Sadness increases subjective experience of pain

Sadness increases subjective experience of pain
Sadness increases subjective experience of pain

HealthDay News -- Patients who experienced pain in a sad emotional context vs. a neutral or happy context, reported higher pain intensity scores and had greater pain-evoked cortical activity in the brain, results from a small study show.

"These results suggest that observing sad emotion can modulate both subjective sensitivity and neural activity, and that emotional context is an important factor for understanding pain in human beings," Atsuo Yoshino, MD, of Hiroshima University in Japan, and colleagues wrote in the Journal of Pain.

Previous psychological studies have shown that emotions can affect a person's subjective pain threshold. To study this phenomenon further, Yoshino and colleagues used magnetoencephalography to evaluate pain experienced when participants were exposed to sad, happy and neutral emotional contexts as presented by facial stimuli.

The study included 19 healthy individuals, aged 20 to 30 years. Participants self-rated their pain intensity, and researchers measured cortical beta rhythms using a 306-channel neuromagnetometer.
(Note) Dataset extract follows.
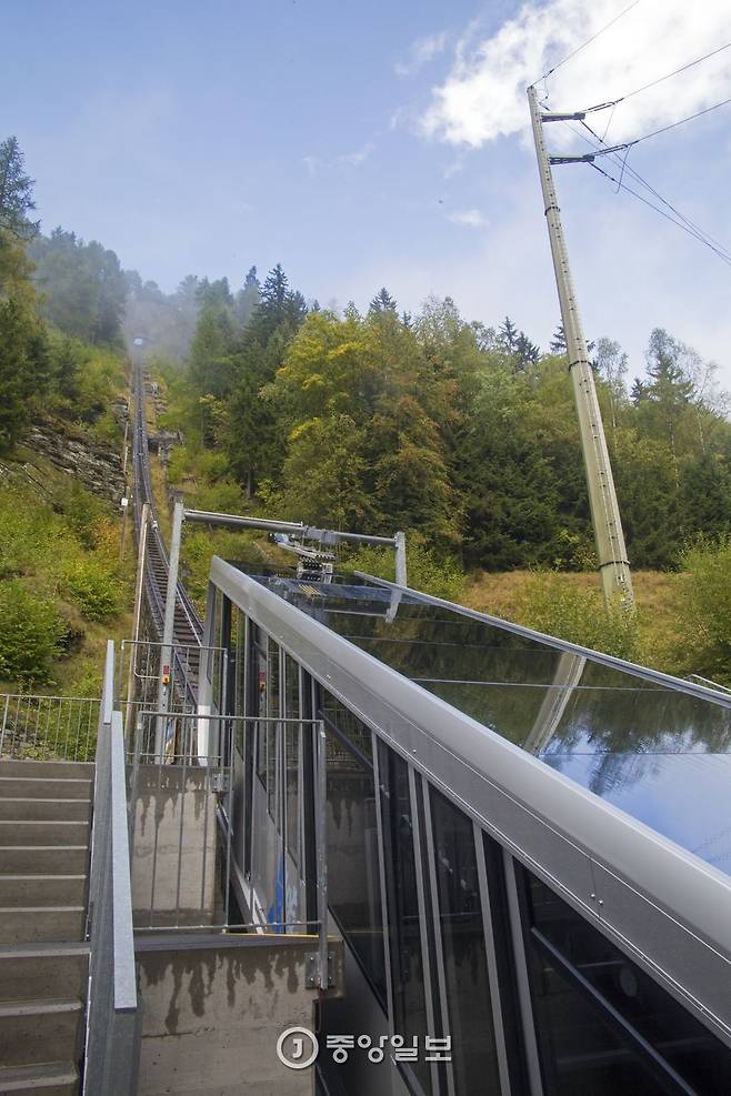 “가장 독특하면서도, 아찔하고, 신나는 열차 노선이죠.” 마티니 관광청 직원 파비앙이 말했다. 우리는 해발 1125m의 르 샤틀라르역(Le Chatelard VS)에 내려 첫 번째 케이블카를 탔다. 선로는 산등줄기를 따라 끝없이 뻗어 있었다. 비스듬한 정도가 아니라 직각에 가까운 경사였다. 파비앙이 87도의 경사가 적힌 푯말을 손가락질했다.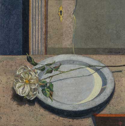 I’ve been ruminating for a while, sketching ideas for a painting of objects balanced on my head or serving my head on a plate. I was then encouraged to explore the idea after seeing a fantastic painting, ‘Heads of the Family’, by Vlaho Bukovac when I was in Vienna. I also am a still life teacher, and it’s really a painting of ideas, showing myself thinking of compositions! I was concentrating on building up interesting textures. I wanted everything to mirror the calcium feel of the shell and it to feel like everything was nearly one connected object, like a piece of coral.

They foun that subjective pain ratings were higher in the sad emotional context compared with happy or neutral contexts. Furthermore, when patients were exposed to pain in a sad emotional context, cortical beta rhythms corresponded with larger event-related desynchronization of lower beta bands in the right hemisphere of patients' brains than with pain experienced in happy emotional context.

"In conclusion, our results provide evidence that people tend to show higher pain sensitivities when they are feeling sad, and that the cortical oscillations (event-related desynchronization/event-related synchronization) in response to pain stimuli are particularly changeable under such conditions," the researchers wrote.

Yoshino A et al. J Pain. 2012; 13(7): 628-635.